TASK DETAILS:
The reply must repeat each entry exactly and contain no pictures.

· · · · · · ·

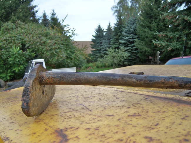 Eine Kratze aus dem Untersuchungsschacht 7 Ein weiterer, spektakulärer Fund des sehr frühen Dippser Bergbaus. Es handelt sich dabei um eine völlig aus Holz hergestellte, gut erhaltene Kratze, welche im Untersuchungsschacht 7 im Baufeld Göhler in einem an den Schacht anscharenden Abbau in gut 23 m Teufe im September 2009 aufgefunden wurde. Die genaue Datierung dieses Werkzeuges war nicht möglich, da keine weiteren hölzernen Begleitfunde in der Nähe lagen und der Stiel für eine dendrochronologische Datierung schlicht zu dünn ist. Gut einen Meter tiefer im Schacht reicht das Altersspektrum des Holzes von 1223 – 1227. Deshalb ist die Kratze auch offiziell vom Landesamt in die Zeit von 1220 – 1230 datiert worden. Die Ausführung dieser Kratze völlig aus Holz erscheint uns heute sehr ungewöhnlich, ist aber für diese Zeitepoche normal. Holz war in ausreichenden Mengen und in guter Qualität besonders im „Miriquidi“, einem den ganzen südlichen Teil Sachsens bedeckenden Primärwald vorhanden. Die heutigen Holzkrankheiten unserer schnell wachsenden Monokultur- Sekundärwälder gab es zu dieser Zeit nicht. Auch ließ sich Holz gut bearbeiten und war kostengünstig. Da war die „Lebensdauer“ solcher hölzerner und vollständig recycelbaren Werkzeuge – die man anschließend auch im Ofen verheizen konnte – nicht von allzu großer Bedeutung. In den Dippser Untersuchungsschächten sind noch weitere völlig hölzerne Werkzeuge aufgetaucht.
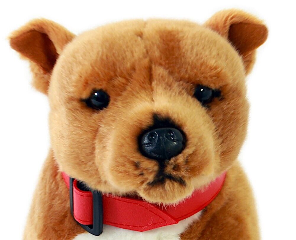 Lester is an exquisitely soft and realistic handcrafted Red Staffordshire Bull Terrier plush toy.
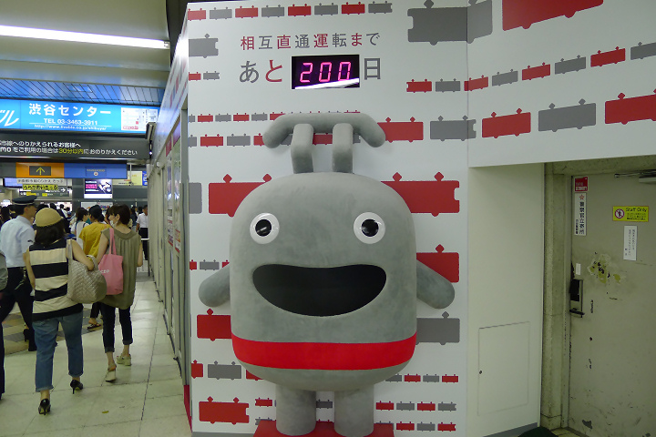 帰りに渋谷駅を降りると、謎のマスコット人形とともに「200」の文字が。
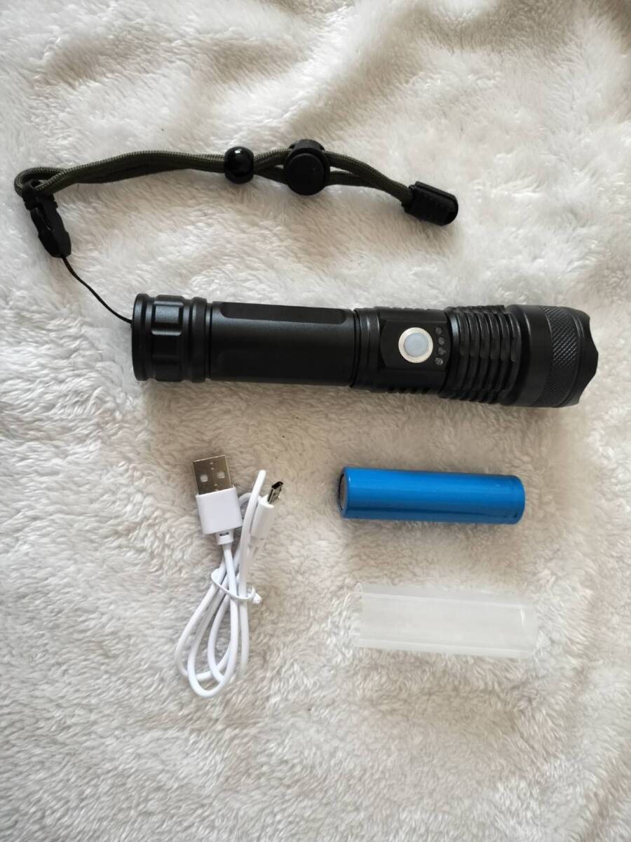 1.懐中電灯×1、 2.USBケーブル×1 3.大容量18650充電式リチウム電池×1
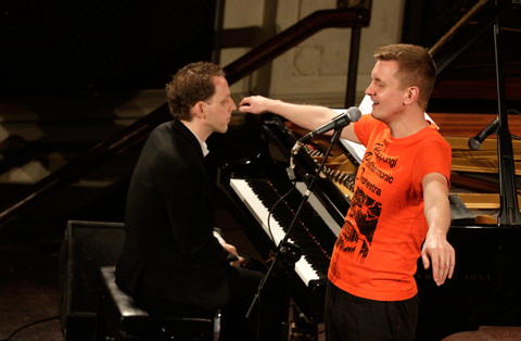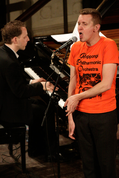 Michael Schiefel phiêu trên sân khấu lúc biểu diễn ca khúc "On being a woman".
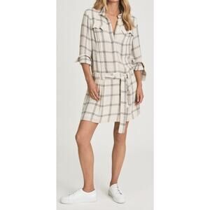 Reiss Dasha Windowpane Plaid Mini Shirt Dress Belted Mock Neck Size 4 White
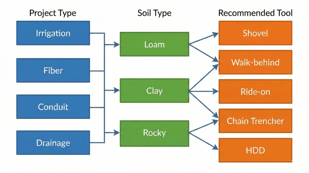 - Ground type: Turf, loam, clay, or rocky soil impacts tool choice — soft soil favors walk-behind trenchers; rock favors wheel trenchers or excavators.
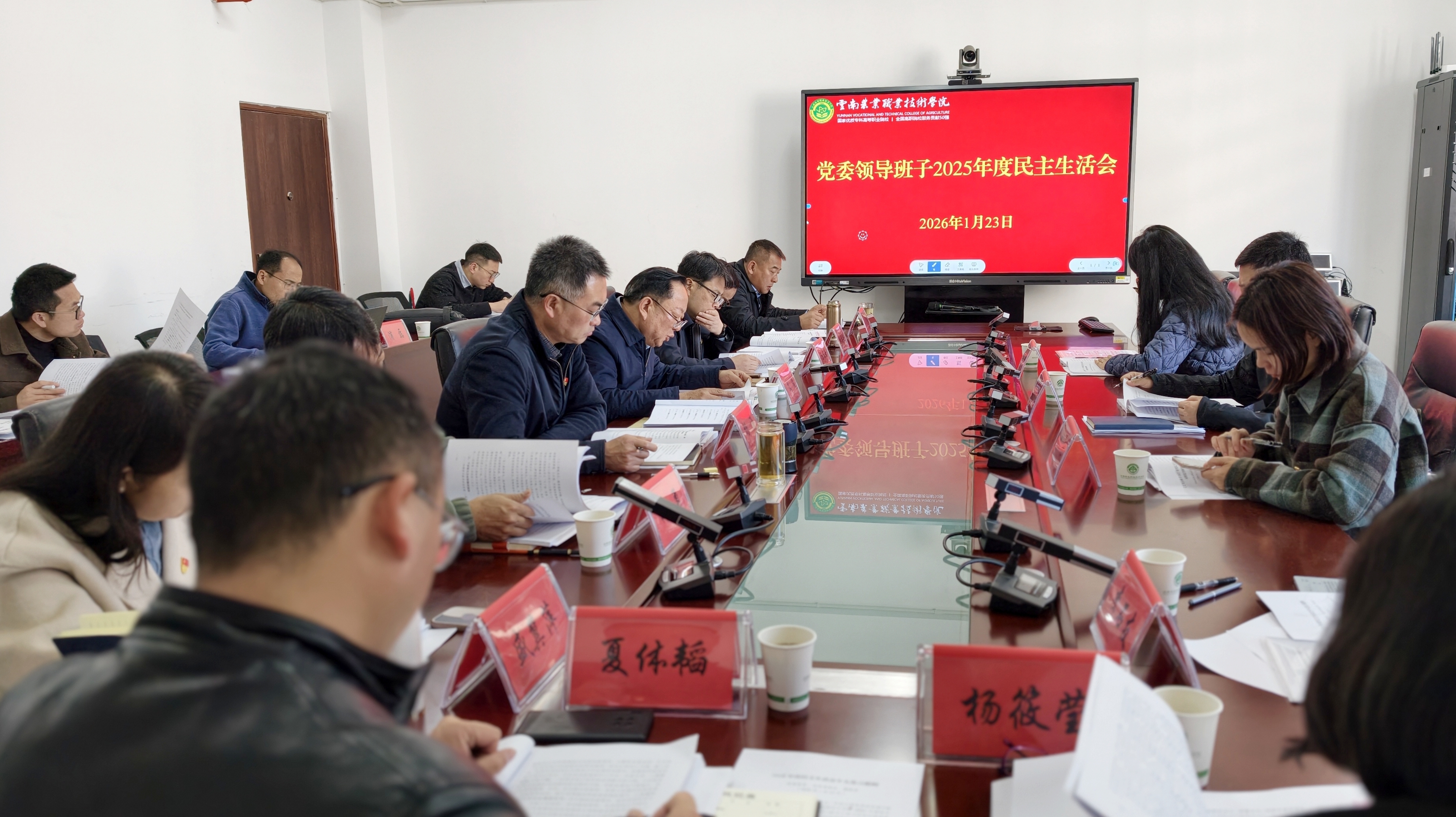 通知中心1月23日,学校党委领导班子在茭菱校区A2栋8楼会议室召开2025年度民主生活会。省委教育工委第一督导组组长、组织部(社会组织党建办)部长王晓峰到会指导并作点评讲话,督导组全体成员全程参会指导。学校党委书记文俊主持会议,学校党委副书记、校长陈太安等全体党委领导班子成员参加会议。
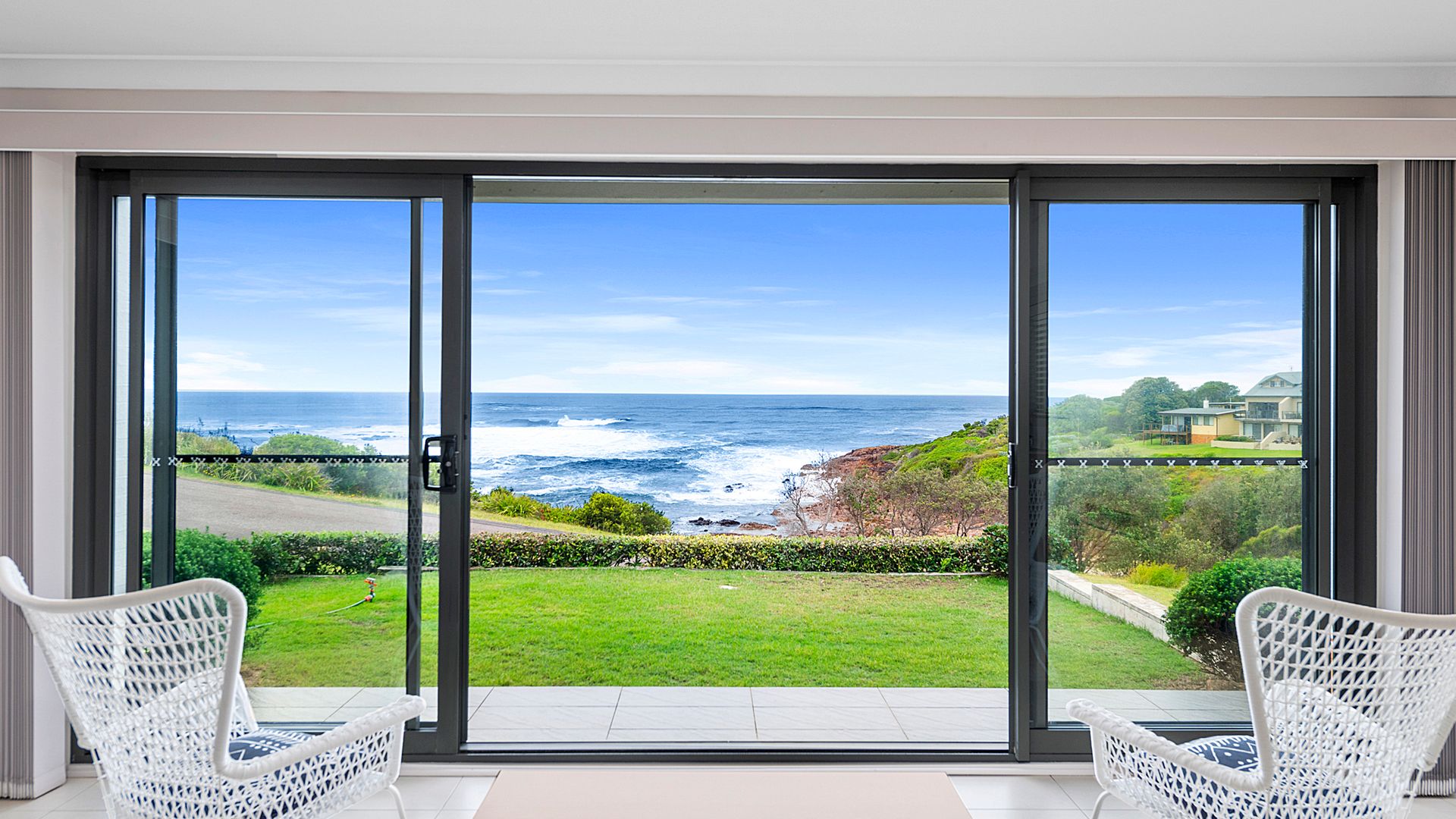 Experience coastal living like never before at 8a Pacific Street Fisherman Bay, where panoramic 360-degree water views set the stage for an enchanting getaway. This downstairs duplex invites you to bask in spacious luxury, with an open-plan lounge, dining, and kitchen seamlessly flowing onto a lush grassed area. Revel in the spectacle of whales cruising by and the drama of storms rolling in, creating an ever-changing canvas of natural wonders.

· · · · · · ·

YOUR SOLUTION:
 Eine Kratze aus dem Untersuchungsschacht 7 Ein weiterer, spektakulärer Fund des sehr frühen Dippser Bergbaus. Es handelt sich dabei um eine völlig aus Holz hergestellte, gut erhaltene Kratze, welche im Untersuchungsschacht 7 im Baufeld Göhler in einem an den Schacht anscharenden Abbau in gut 23 m Teufe im September 2009 aufgefunden wurde. Die genaue Datierung dieses Werkzeuges war nicht möglich, da keine weiteren hölzernen Begleitfunde in der Nähe lagen und der Stiel für eine dendrochronologische Datierung schlicht zu dünn ist. Gut einen Meter tiefer im Schacht reicht das Altersspektrum des Holzes von 1223 – 1227. Deshalb ist die Kratze auch offiziell vom Landesamt in die Zeit von 1220 – 1230 datiert worden. Die Ausführung dieser Kratze völlig aus Holz erscheint uns heute sehr ungewöhnlich, ist aber für diese Zeitepoche normal. Holz war in ausreichenden Mengen und in guter Qualität besonders im „Miriquidi“, einem den ganzen südlichen Teil Sachsens bedeckenden Primärwald vorhanden. Die heutigen Holzkrankheiten unserer schnell wachsenden Monokultur- Sekundärwälder gab es zu dieser Zeit nicht. Auch ließ sich Holz gut bearbeiten und war kostengünstig. Da war die „Lebensdauer“ solcher hölzerner und vollständig recycelbaren Werkzeuge – die man anschließend auch im Ofen verheizen konnte – nicht von allzu großer Bedeutung. In den Dippser Untersuchungsschächten sind noch weitere völlig hölzerne Werkzeuge aufgetaucht.
 Lester is an exquisitely soft and realistic handcrafted Red Staffordshire Bull Terrier plush toy.
 帰りに渋谷駅を降りると、謎のマスコット人形とともに「200」の文字が。
 1.懐中電灯×1、 2.USBケーブル×1 3.大容量18650充電式リチウム電池×1
 Michael Schiefel phiêu trên sân khấu lúc biểu diễn ca khúc "On being a woman".
 Reiss Dasha Windowpane Plaid Mini Shirt Dress Belted Mock Neck Size 4 White
 - Ground type: Turf, loam, clay, or rocky soil impacts tool choice — soft soil favors walk-behind trenchers; rock favors wheel trenchers or excavators.
 通知中心1月23日,学校党委领导班子在茭菱校区A2栋8楼会议室召开2025年度民主生活会。省委教育工委第一督导组组长、组织部(社会组织党建办)部长王晓峰到会指导并作点评讲话,督导组全体成员全程参会指导。学校党委书记文俊主持会议,学校党委副书记、校长陈太安等全体党委领导班子成员参加会议。
 Experience coastal living like never before at 8a Pacific Street Fisherman Bay, where panoramic 360-degree water views set the stage for an enchanting getaway. This downstairs duplex invites you to bask in spacious luxury, with an open-plan lounge, dining, and kitchen seamlessly flowing onto a lush grassed area. Revel in the spectacle of whales cruising by and the drama of storms rolling in, creating an ever-changing canvas of natural wonders.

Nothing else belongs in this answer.